You can assign a value to an object using `assign()`

, `<-`

, or `=`

.

```
x <- 3 # Assignment
x # Evaluate the expression and print result
y <- 4 # Assignment
y + 5 # Evaluation, y remains 4
z <- x + 17*y # Assignment
z # Evaluation
```

```
rm(z) # Remove z: deletes the object.
z # Error!
```

We can use the standard operators `<`

, `>`

, `<=`

, `>=`

, `==`

(equality) and `!=`

(inequality). Comparisons return Boolean values: `TRUE`

or `FALSE`

(often abbreviated to just `T`

and `F`

).

```
2==2 # Equality
2!=2 # Inequality
x <= y # less than or equal: "<", ">", and ">=" also work
```

Special constants include:

**NA**for missing or undefined data**NULL**for empty object (e.g. null/empty lists)**Inf**and**-Inf**for positive and negative infinity**NaN**for results that cannot be reasonably defined

```
# NA - missing or undefined data
5 + NA # When used in an expression, the result is generally NA
is.na(5+NA) # Check if missing
# NULL - an empty object, e.g. a null/empty list
10 + NULL # use returns an empty object (length zero)
is.null(NULL) # check if NULL
```

Inf and -Inf represent positive and negative infinity.
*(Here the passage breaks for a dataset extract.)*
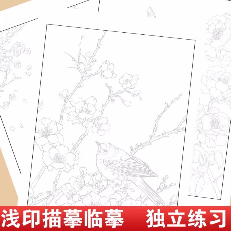 儿童中国画白描入门描摹本国画国风工笔古风花卉人物动物山水画临摹练习本美术鉴赏套装 图册描红本初学者画画临摹画册硬笔绘画练习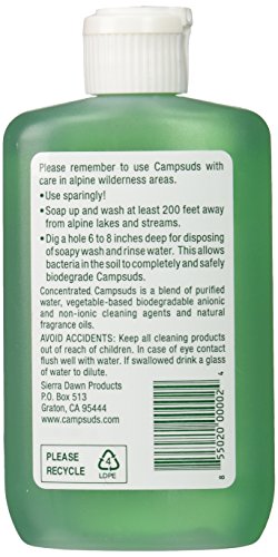 -. Binding : Sports -. Brand : Sierra Dawn -. EAN : 0045048011021 -. Feature : Travel clean and light with the original, super-concentrated all-purpose cleaner for travelers / Use as a bath soap and shampoo, to wash and spot-clean clothes and to clean anything washable / Made from natural vegetable-derived ingredients with natural essential oil fragrance; Makes a great helper around the house too! -. IsAutographed : 0 -. IsMemorabilia : 0 -. Label : Sierra Dawn -. LegalDisclaimer : Use kindly with due care -. Manufacturer : Sierra Dawn -. Model : 2 -. MPN : 371460 -. NumberOfItems : 1 -. PackageQuantity : 1 -. PartNumber : 371460 -. ProductGroup : Sports -. ProductTypeName : OUTDOOR_RECREATION_PRODUCT -. Publisher : Sierra Dawn -. Size : 4-ounce -. Studio : Sierra Dawn -. Title : Sierra Dawn Campsuds All Purpose Cleaner, 4-Ounce -. UPC : 855020000024

They can be returned by mathematical operations like division of a number by zero:

```
5/0
is.finite(5/0) # Check if a number is finite (it is not).
```

NaN (Not a Number) - the result of an operation that cannot be reasonably defined, such as dividing zero by zero.

```
0/0
is.nan(0/0)
```

Vectors can be constructed by combining their elements with the important R function `c()`

.

```
v1 <- c(1, 5, 11, 33) # Numeric vector, length 4
v2 <- c("hello","world") # Character vector, length 2 (a vector of strings)
v3 <- c(TRUE, TRUE, FALSE) # Logical vector, same as c(T, T, F)
```

Combining different types of elements in one vector will coerce the elements to the least restrictive type:

`v4 <- c(v1,v2,v3,"boo") # All elements turn into strings`

Other ways to create vectors include:

```
v <- 1:7 # same as c(1,2,3,4,5,6,7)
v <- rep(0, 77) # repeat zero 77 times: v is a vector of 77 zeroes
v <- rep(1:3, times=2) # Repeat 1,2,3 twice
v <- rep(1:10, each=2) # Repeat each element twice
v <- seq(10,20,2) # sequence: numbers between 10 and 20, in jumps of 2
v1 <- 1:5 # 1,2,3,4,5
v2 <- rep(1,5) # 1,1,1,1,1
```

Check the length of a vector:

```
length(v1)
length(v2)
```

Element-wise operations:

```
v1 + v2 # Element-wise addition
v1 + 1 # Add 1 to each element
v1 * 2 # Multiply each element by 2
v1 + c(1,7) # This doesn't work: (1,7) is a vector of different length
```

Mathematical operations:

```
sum(v1) # The sum of all elements
mean(v1) # The average of all elements
sd(v1) # The standard deviation
cor(v1,v1*5) # Correlation between v1 and v1*5
```

Logical operations:

```
v1 > 2 # Each element is compared to 2, returns logical vector
v1==v2 # Are corresponding elements equivalent, returns logical vector.
v1!=v2 # Are corresponding elements *not* equivalent? Same as !(v1==v2)
(v1>2) | (v2>0) # | is the boolean OR, returns a vector.
(v1>2) & (v2>0) # & is the boolean AND, returns a vector.
(v1>2) || (v2>0) # || is the boolean OR, returns a single value
(v1>2) && (v2>0) # && is the boolean AND, ditto
```

Vector elements:

```
v1[3] # third element of v1
v1[2:4] # elements 2, 3, 4 of v1
v1[c(1,3)] # elements 1 and 3 - note that your indexes are a vector
v1[c(T,T,F,F,F)] # elements 1 and 2 - only the ones that are TRUE
v1[v1>3] # v1>3 is a logical vector TRUE for elements >3
```

Note that the indexing in R starts from `1`

, a fact known to confuse and upset people used to languages that index from `0`

.

To add more elements to a vector, simply assign them values.

`v1[6:10] <- 6:10`

We can also directly assign the vector a length:

`length(v1) <- 15 # the last 5 elements are added as missing data: NA`

Factors are used to store categorical data.

```
eye.col.v <- c("brown", "green", "brown", "blue", "blue", "blue") #vector
eye.col.f <- factor(c("brown", "green", "brown", "blue", "blue", "blue")) #factor
eye.col.v
```

`## [1] "brown" "green" "brown" "blue" "blue" "blue"`

`eye.col.f`

```
## [1] brown green brown blue blue blue
## Levels: blue brown green
```

R will identify the different levels of the factor - e.g. all distinct values. The data is stored internally as integers - each number corresponding to a factor level.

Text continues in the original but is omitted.